A medical instrument with a hollow shaft, a handle at the proximal end, and a tool at the distal end such that the tool is rotatable about the longitudinal axis of the shaft via an actuation rod connected to the handle, the actuation rod composed of two parts, with mutually facing end-face toothing arrangements.


Inventors: Thouement; Yann; (Les Essarts le Roi, FR) ; Besse; Regis; (Guyancourt, FR) ; Stefan; Jochen; (Wald, DE) ; Karcher; Daniel; (Radolfzell, DE)
Applicant:
Name City State Country Type

Karl Storz GmbH & Co. KG

Tuttlingen

DE
Family ID: 1000002437448
Appl. No.: 15/360391
Filed: November 23, 2016


Current U.S. Class: 1/1
Current CPC Class: A61B 17/00 20130101; A61B 2017/00982 20130101; A61B 2017/00367 20130101
International Class: A61B 17/00 20060101 A61B017/00

Foreign Application Data

DateCodeApplication Number
Dec 1, 2015DE102015015664.0

Claims



1. A medical instrument with a hollow shaft, at the proximal end of which a handle is arranged, and at the distal end of which a tool is arranged such that a distal end region of the shaft carrying the tool is designed as a tool tip that can be positioned at an angle with respect to the longitudinal axis of the shaft and such that the tool is rotatable about the longitudinal axis of the shaft respectively about the longitudinal axis of the tool tip, the rotation of the tool about the longitudinal axis of the shaft being effected via an actuation rod which is mounted rotatably in the hollow shaft and which is operatively connected at its proximal end to the handle, the actuation rod being composed of two parts, namely a distal sub-region mounted in the pivotable tool tip and a sub-region mounted in the proximal part of the shaft, and the two mutually facing end faces of the sub-regions of the actuation rod being in engagement with each other at the transition to the pivotable tool tip via end-face toothing arrangements, wherein the tooth flanks of the individual teeth of the two end-face toothing arrangements are designed tapering radially outward, and the tooth flanks of the individual teeth of the two end-face toothing arrangements are additionally designed tapering radially inward.

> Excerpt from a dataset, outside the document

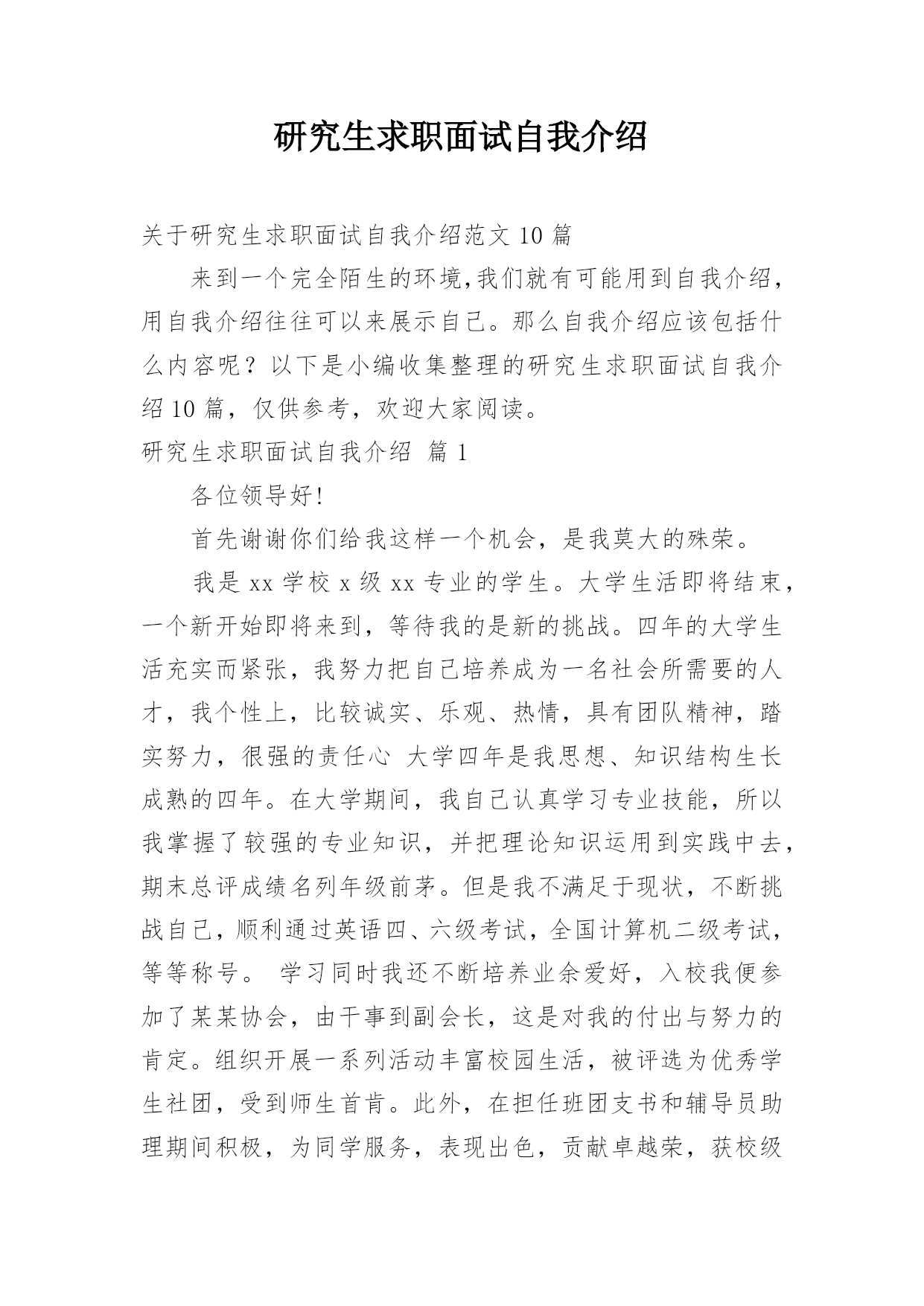 研究生求职面试自我介绍关于研究生求职面试自我介绍范文10篇来到一个完全陌生的环境,我们就有可能用到自我介绍,用自我介绍往往可以来展示自己。那么自我介绍应该包括什么内容呢?以下是小编收集整理的研究生求职面试自我介绍10篇,仅供参考,欢迎大家阅读。研究生求职面试自我介绍篇1各位领导好!首先谢谢你们给我这样一个机会,是我莫大的殊荣。我是xx学校x级xx专业的学生。大学生活即将结束,一个新开始即将来到,等待我的是新的挑战。四年的大学生活充实而紧张,我努力把自己培养成为一名社会所需要的人才,我个性上,比较诚实、乐观

2. The medical instrument as claimed in claim 1, wherein the tooth heads of the individual teeth of the two end-face toothing arrangements are rounded.

3. The medical instrument as claimed in claim 1, wherein the tooth flanks on both sides of the individual teeth of the two end-face toothing arrangements are composed of flat surface parts and of curved surface parts.

4. The medical instrument as claimed in claim 3, wherein the radially outward surface parts of the tooth flanks on both sides of the individual teeth of the two end-face toothing arrangements are curved.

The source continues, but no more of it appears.